Need help getting started with image generation
When using open-source generative AI models, there are still some limitations with AMD GPUs. While things have improved significantly on Linux and Windows 11 + WSL2 environments today, options remain quite limited on Windows 10…
What you’re setting up (two separate local apps)
- Image generation: Stable Diffusion 1.5 “weights” + a GUI that runs locally (you open it in your browser at
127.0.0.1). - Prompt enhancement: a small local text model that turns “an idea” into POSITIVE / NEGATIVE / SETTINGS you copy/paste into the image GUI.
Keeping them separate is the simplest “offline + no-coding” workflow.

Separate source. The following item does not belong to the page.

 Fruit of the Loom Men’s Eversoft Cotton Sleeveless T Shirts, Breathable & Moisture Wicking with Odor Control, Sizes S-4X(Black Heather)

The most realistic Windows 10 + AMD path (no WSL2)
Best first-success route
SD.Next + ONNX Runtime + DirectML (DmlExecutionProvider)
SD.Next explicitly supports ONNX Runtime and notes you can select DmlExecutionProvider by installing onnxruntime-directml, and that DirectX 12 is required. (GitHub)

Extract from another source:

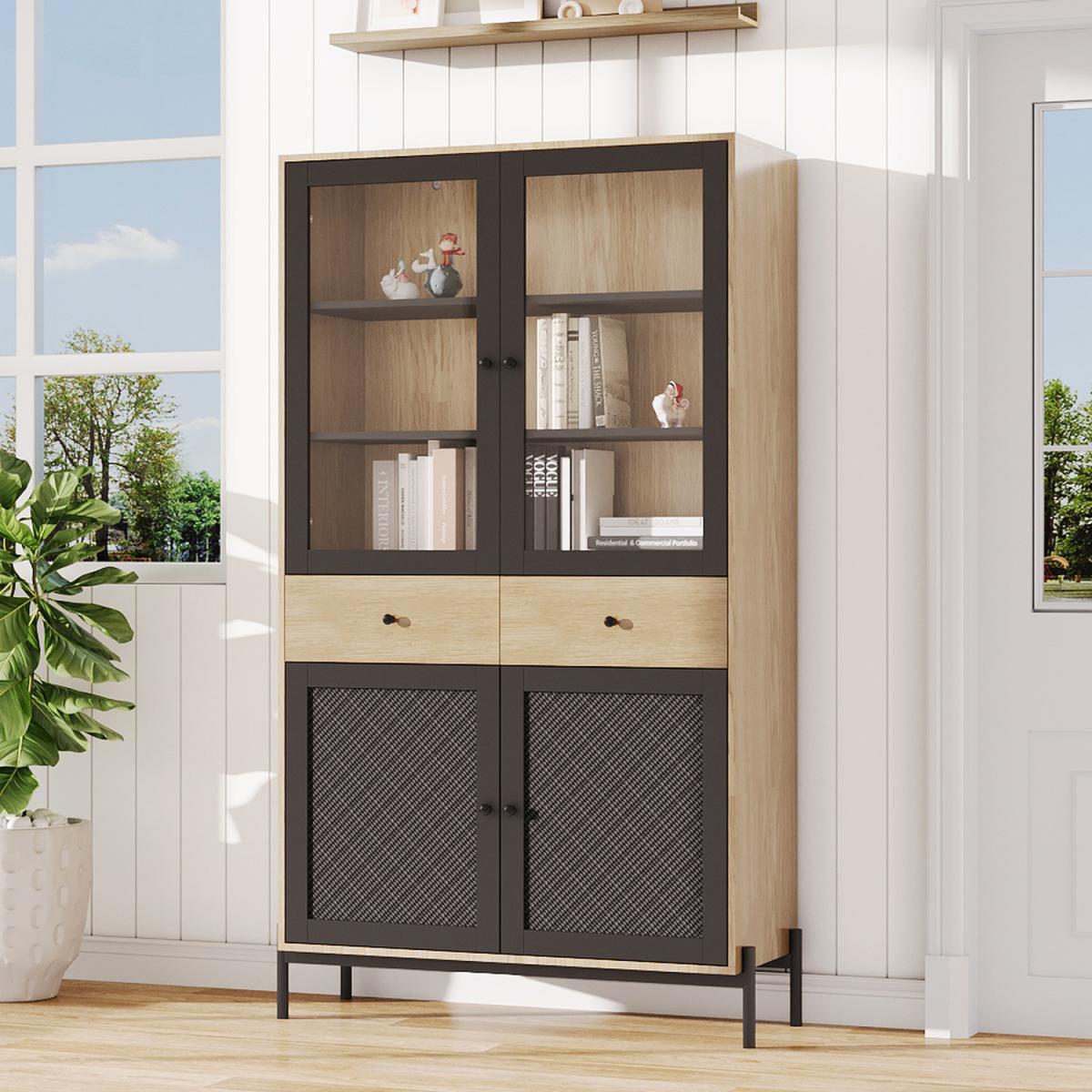 Enhance your layout with this unique sideboard. It provides versatile storage, including a three-tier transparent cabinet perfect for showcasing collections, sculptures, and glassware. With two drawers and a cabinet featuring a woven straw door, your essentials are always within reach. Tall and spacious, this sideboard is a striking addition to your living area.

Alternatives (only if you want them later)
- AUTOMATIC1111 + Microsoft DirectML extension: uses ONNX Runtime + DirectML, but requires models optimized via Olive (more moving parts). (GitHub) AMD’s own guide for that extension calls it “preview” and (in that guide) states only SD 1.5 is supported. (AMD)
- A1111 main repo on Windows+AMD: not officially supported; their wiki points to DirectML-focused forks/approaches instead. (GitHub)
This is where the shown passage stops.